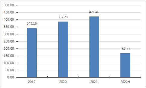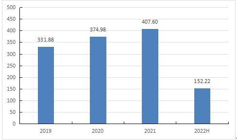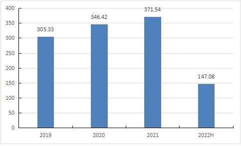 图表:2019年-2022年上半年BOPP薄膜市场规模(单位:亿元)
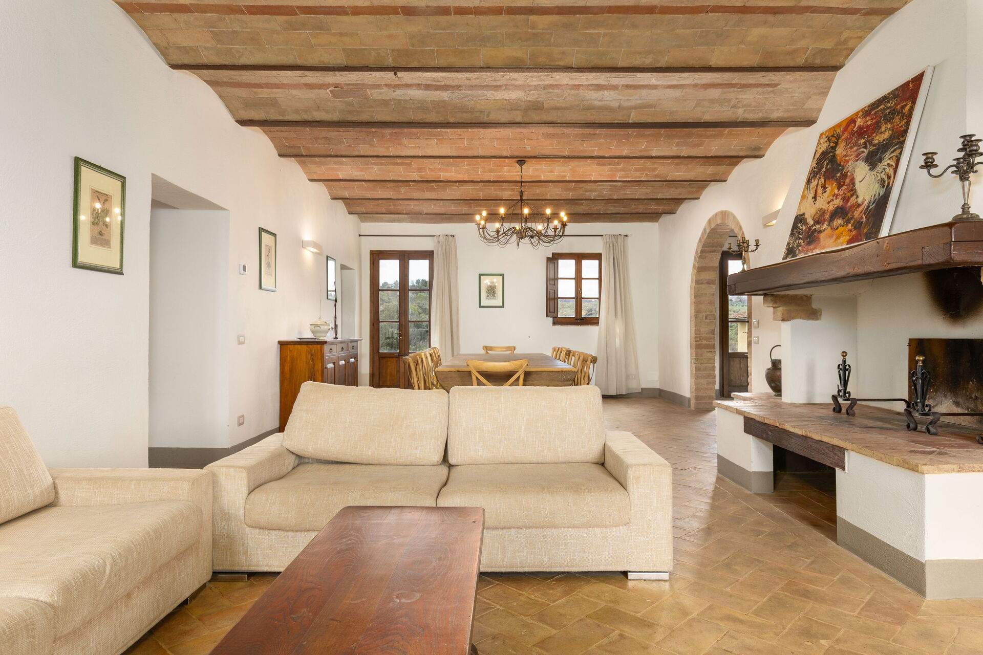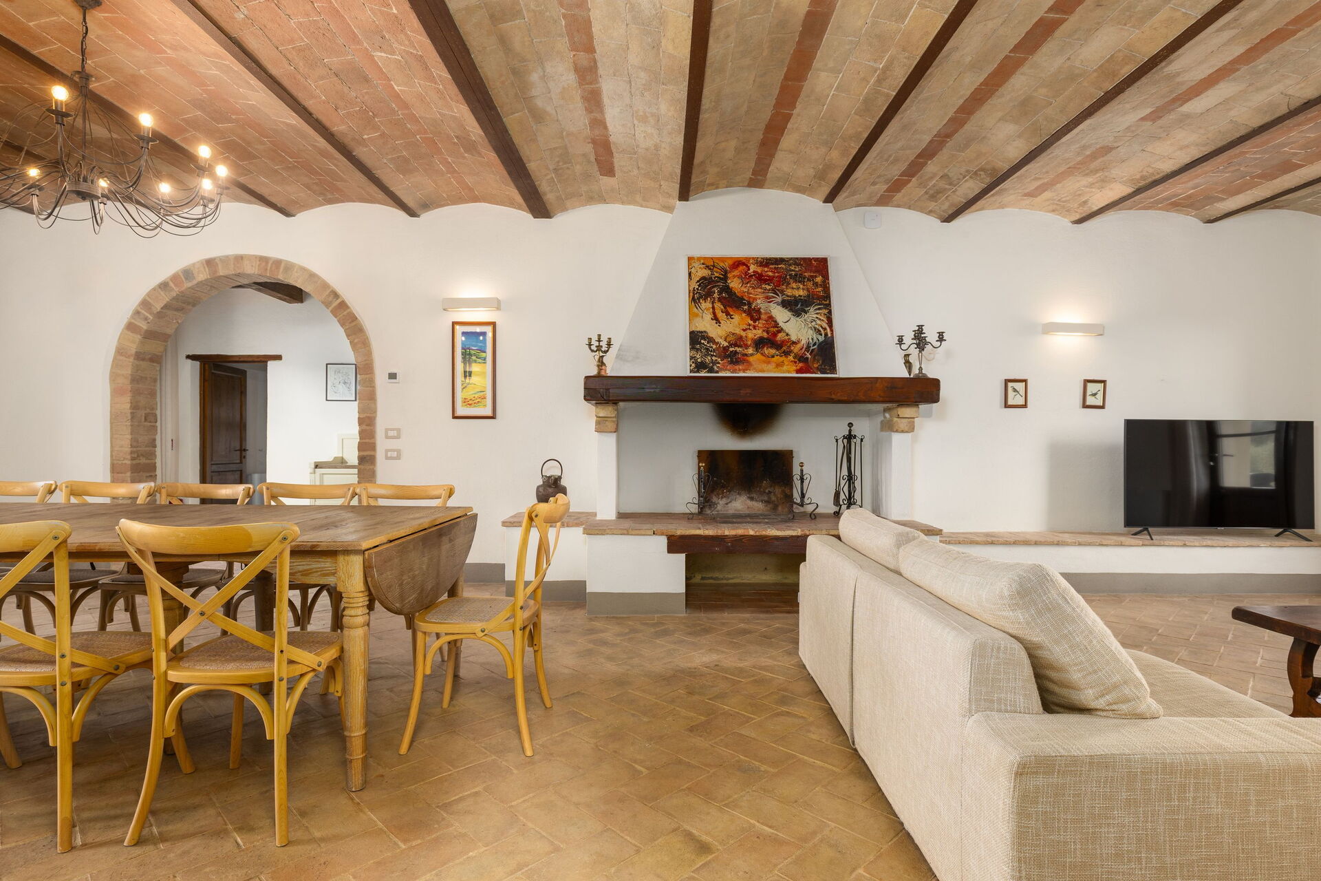 Villa Il Caggio est composée d'une maison principale et d'une belle dépendance. Les intérieurs sont splendides et accueillants. Ameublement de goût, style rustique typique des maisons de campagne toscanes. Un cadre unique et suggestif qui vous fera vivre des vacances authentiques dans le Chianti. Grâce à ses 7 chambres et ses nombreux espaces communs, cette villa de luxe peut héberger confortablement jusqu'à 14 personnes. Une villa idéale pour une grande famille ou un groupe d'amis. La maison est dotée de tout confort et garantit à ses hôtes un maximum de fonctionnalité. Position très tranquille.
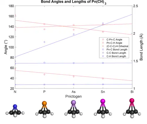 Consistent with a perturbation of the pnictogen residing above a C-C-C ring, the C-Pn bonds elongate from 1.493 Å to 2.289 Å, and C-Pn-C angle decreases from 58.0° to 37.1° as heavier congeners are used. This is due to the larger atomic radius of the heavier pnictogens. The H-[C-C-C plane] angle increases from 9.1° to 31.1°, which is also attributed to the diffusivity of the heavier congener's orbitals.
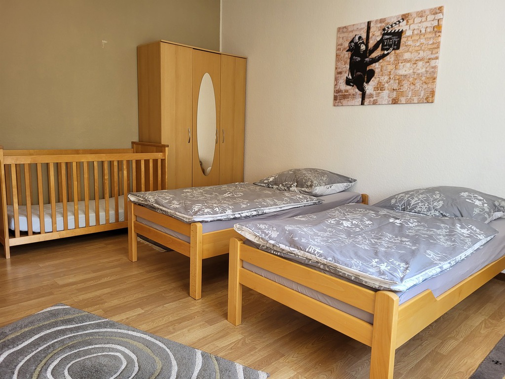 Die Ferienwohnung Nr. 1 liegt im Erdgeschoss und ist insgesamt 75 m² groß. Sie bietet Platz für 4 Personen und einem Baby.
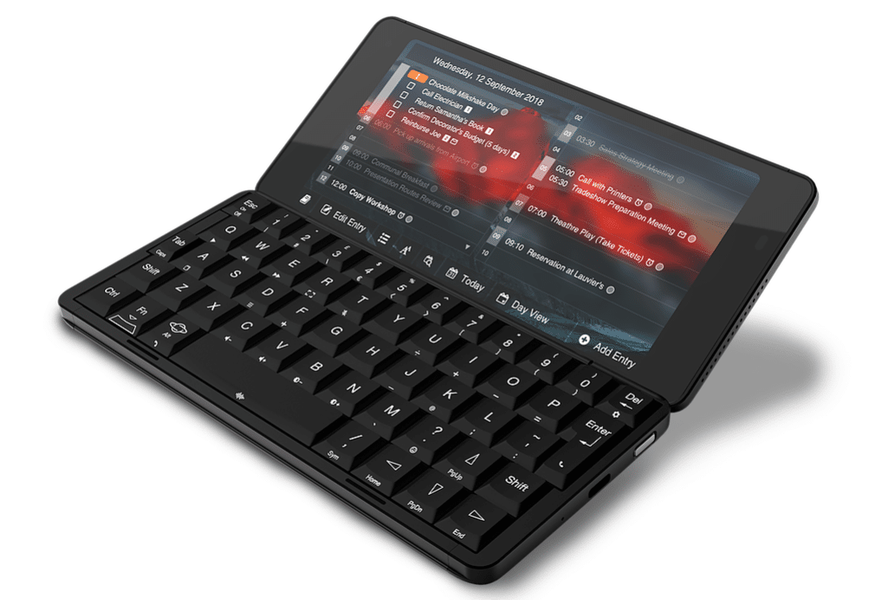 Устройство выполнено в стиле культовых коммуникаторов прошлого — Psion Series 5, Nokia Communicator и Sharp Netwalker.
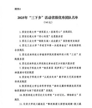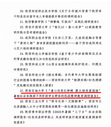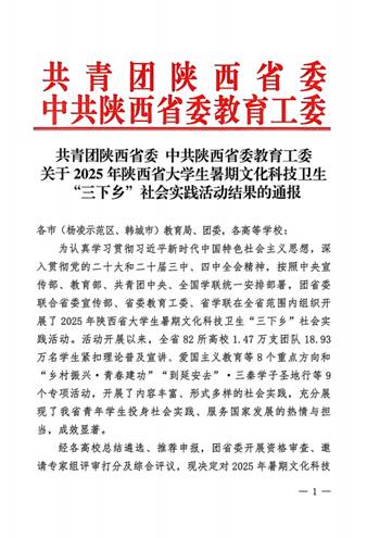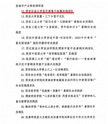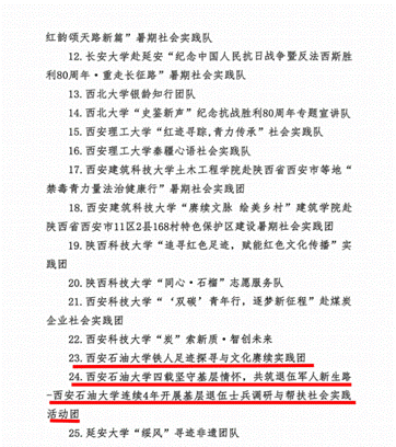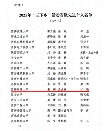 近日,共青團陜西省委、中共陜西省委教育工委在全省范圍內(nèi)組織開展的2025年陜西省大學生暑期文化科技衛(wèi)生“三下鄉(xiāng)”社會實踐活動評選表彰結(jié)果揭曉,我校電子工程學院堅定禁毒不松懈實踐團隊被評為省級標兵團隊,石油工程學院鐵人足跡探尋與文化賡續(xù)實踐團、機械工程學院四載堅守基層情懷,共筑退伍軍人新生路—西安石油大學連續(xù)4年開展基層退伍士兵調(diào)研與幫扶社會實踐活動團被評為省級優(yōu)秀團隊,姜楠、王業(yè)林、付強被評為省級先進個人,馬克思主義學院《童心向黨憶崢嶸薪火相傳愛國情暑假社會實踐團不同階段學生群體的抗戰(zhàn)精神教育調(diào)研報告》被評為省級優(yōu)秀調(diào)研報告,并獲團省委專項資助。
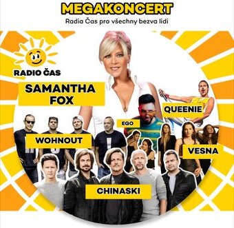 Tribuna B2 Řada 22 Sedadlo 22/23 MEGAKONCERT Radia Čas Ostravar Aréna Zobrazit na mapě calendar 22. 11. 2025 Vystoupí: Samantha Fox, Chinaski, Queenie, Wohnout a Vesna, Ego Cena za oba 1000kč
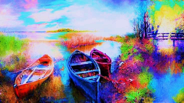 久しぶりに幻想的な湖に浮かぶボートを油絵風に、お絵描きしましたがまた写真の様だと思われる位に細密画してみました。

■ ■ ■ ■ ■

# How to complete this task
A verbatim rendering of the listing above is required, without any of its pictures.

# Problem solution
 图表:2019年-2022年上半年BOPP薄膜市场规模(单位:亿元)
 Villa Il Caggio est composée d'une maison principale et d'une belle dépendance. Les intérieurs sont splendides et accueillants. Ameublement de goût, style rustique typique des maisons de campagne toscanes. Un cadre unique et suggestif qui vous fera vivre des vacances authentiques dans le Chianti. Grâce à ses 7 chambres et ses nombreux espaces communs, cette villa de luxe peut héberger confortablement jusqu'à 14 personnes. Une villa idéale pour une grande famille ou un groupe d'amis. La maison est dotée de tout confort et garantit à ses hôtes un maximum de fonctionnalité. Position très tranquille.
 Consistent with a perturbation of the pnictogen residing above a C-C-C ring, the C-Pn bonds elongate from 1.493 Å to 2.289 Å, and C-Pn-C angle decreases from 58.0° to 37.1° as heavier congeners are used. This is due to the larger atomic radius of the heavier pnictogens. The H-[C-C-C plane] angle increases from 9.1° to 31.1°, which is also attributed to the diffusivity of the heavier congener's orbitals.
 Die Ferienwohnung Nr. 1 liegt im Erdgeschoss und ist insgesamt 75 m² groß. Sie bietet Platz für 4 Personen und einem Baby.
 Устройство выполнено в стиле культовых коммуникаторов прошлого — Psion Series 5, Nokia Communicator и Sharp Netwalker.
 近日,共青團陜西省委、中共陜西省委教育工委在全省范圍內(nèi)組織開展的2025年陜西省大學生暑期文化科技衛(wèi)生“三下鄉(xiāng)”社會實踐活動評選表彰結(jié)果揭曉,我校電子工程學院堅定禁毒不松懈實踐團隊被評為省級標兵團隊,石油工程學院鐵人足跡探尋與文化賡續(xù)實踐團、機械工程學院四載堅守基層情懷,共筑退伍軍人新生路—西安石油大學連續(xù)4年開展基層退伍士兵調(diào)研與幫扶社會實踐活動團被評為省級優(yōu)秀團隊,姜楠、王業(yè)林、付強被評為省級先進個人,馬克思主義學院《童心向黨憶崢嶸薪火相傳愛國情暑假社會實踐團不同階段學生群體的抗戰(zhàn)精神教育調(diào)研報告》被評為省級優(yōu)秀調(diào)研報告,并獲團省委專項資助。
 Tribuna B2 Řada 22 Sedadlo 22/23 MEGAKONCERT Radia Čas Ostravar Aréna Zobrazit na mapě calendar 22. 11. 2025 Vystoupí: Samantha Fox, Chinaski, Queenie, Wohnout a Vesna, Ego Cena za oba 1000kč
 久しぶりに幻想的な湖に浮かぶボートを油絵風に、お絵描きしましたがまた写真の様だと思われる位に細密画してみました。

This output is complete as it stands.